**RAW DATA:**
>>

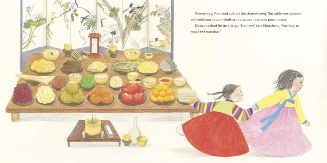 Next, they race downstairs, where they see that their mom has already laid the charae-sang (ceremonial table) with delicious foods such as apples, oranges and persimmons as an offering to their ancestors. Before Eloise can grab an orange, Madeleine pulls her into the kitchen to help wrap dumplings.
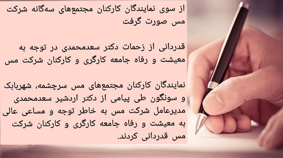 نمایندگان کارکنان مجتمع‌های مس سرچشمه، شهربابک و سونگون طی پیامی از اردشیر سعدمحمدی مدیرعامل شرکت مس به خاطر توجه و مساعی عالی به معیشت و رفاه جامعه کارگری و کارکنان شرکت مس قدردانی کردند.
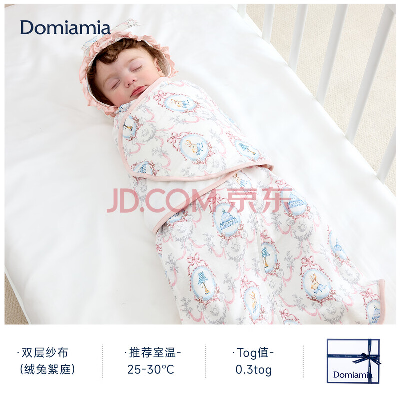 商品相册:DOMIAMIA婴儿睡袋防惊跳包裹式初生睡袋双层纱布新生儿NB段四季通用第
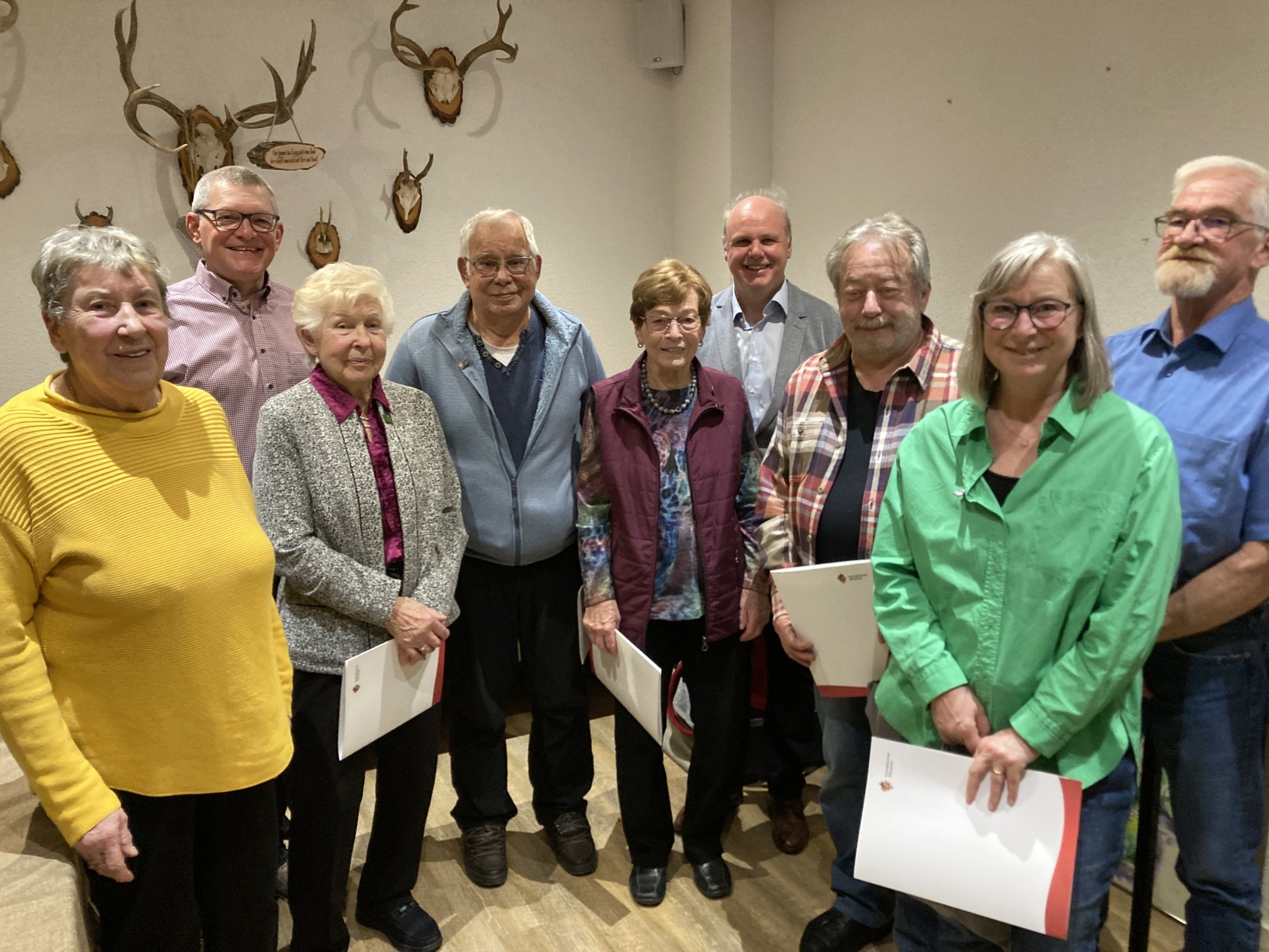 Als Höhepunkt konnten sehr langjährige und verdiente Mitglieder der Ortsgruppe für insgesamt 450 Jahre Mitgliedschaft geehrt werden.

<<

**BRIEF:** When you retype the data above, match every line exactly and leave the pictures behind.

**RESULT OF THIS TASK:**
 Next, they race downstairs, where they see that their mom has already laid the charae-sang (ceremonial table) with delicious foods such as apples, oranges and persimmons as an offering to their ancestors. Before Eloise can grab an orange, Madeleine pulls her into the kitchen to help wrap dumplings.
 نمایندگان کارکنان مجتمع‌های مس سرچشمه، شهربابک و سونگون طی پیامی از اردشیر سعدمحمدی مدیرعامل شرکت مس به خاطر توجه و مساعی عالی به معیشت و رفاه جامعه کارگری و کارکنان شرکت مس قدردانی کردند.
 商品相册:DOMIAMIA婴儿睡袋防惊跳包裹式初生睡袋双层纱布新生儿NB段四季通用第
 Als Höhepunkt konnten sehr langjährige und verdiente Mitglieder der Ortsgruppe für insgesamt 450 Jahre Mitgliedschaft geehrt werden.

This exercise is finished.